So, it's been four years, but for the sake of completeness, I'd like to point out that your answer is indeed correct.
Instead of using maximality, you can use the following result, if you'd like:
Given a set $X$ and a filter $\mathcal{U}$ on it, then $\mathcal U$ is an ultrafilter iff for every $Y\subseteq X$, either $Y\in\mathcal U$ or $X\setminus Y\in \mathcal U$.
From that, take $X$ a finite set. Then $\mathcal{P}(X)$ is also finite and, therefore, any ultrafilter on $X$ is also finite.
Let $\mathcal U$ be such an ultrafilter. Since it is a finite filter, $\bigcap \mathcal U\not=\varnothing$. Let $x\in\bigcap\mathcal U$ and $\mathcal{U}_x$ be the principal ultrafilter on $x$. Then, as you've said, clearly $\mathcal U\subseteq\mathcal U_x$.

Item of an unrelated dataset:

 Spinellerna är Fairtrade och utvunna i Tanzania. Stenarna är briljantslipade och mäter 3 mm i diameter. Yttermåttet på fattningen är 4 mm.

Conversely, though, notice that every element $Y$ of $\mathcal U_x$ either belongs to $\mathcal U$, or its complement $X\setminus Y$ does. But if $X\setminus Y\in\mathcal U$, then $x\in X\setminus Y$ (since $x\in\bigcap\mathcal U$) and, therefore, both $Y$ and $X\setminus Y$ contain $x$ - a contradiction.
It follows that $X\setminus Y\not\in\mathcal U$ and, since $\mathcal U$ is an ultrafilter, this implies that $Y\in\mathcal U$, which shows that $\mathcal U_x\subseteq \mathcal U$ and ends the proof.
EDIT:
Based on a comment by Daniel Schepler, I've decided to add more to this answer.

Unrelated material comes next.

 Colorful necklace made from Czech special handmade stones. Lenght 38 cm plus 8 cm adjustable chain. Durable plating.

You can actually prove that $\mathcal U\subseteq \mathcal P(X)$ is an ultrafilter iff whenever you write $X$ as a disjoint union of (at least!) three sets, precisely one of them is in $\mathcal U$. From that, if $X$ is finite, we have three cases:
If $X$ is a singleton, then there's a unique ultrafilter, which must be principal;
If $X$ is a two-point set, then we can use $X=\{x_1\}\sqcup\{x_2\}$ and my original answer to conclude that any ultrafilter is either principal over $x_1$ or $x_2$;
Finally, if $X$ has at least three elements, then writing $X=\{x_1\}\sqcup\{x_2\}\sqcup\cdots\sqcup\{x_n\}$ and using the fact that $\mathcal U$ is ultrafilter, we get that there's a unique $x_i$ such that $\{x_i\}\subseteq \mathcal U$, and we can then prove that $\mathcal U$ is indeed principal over such $x_i$.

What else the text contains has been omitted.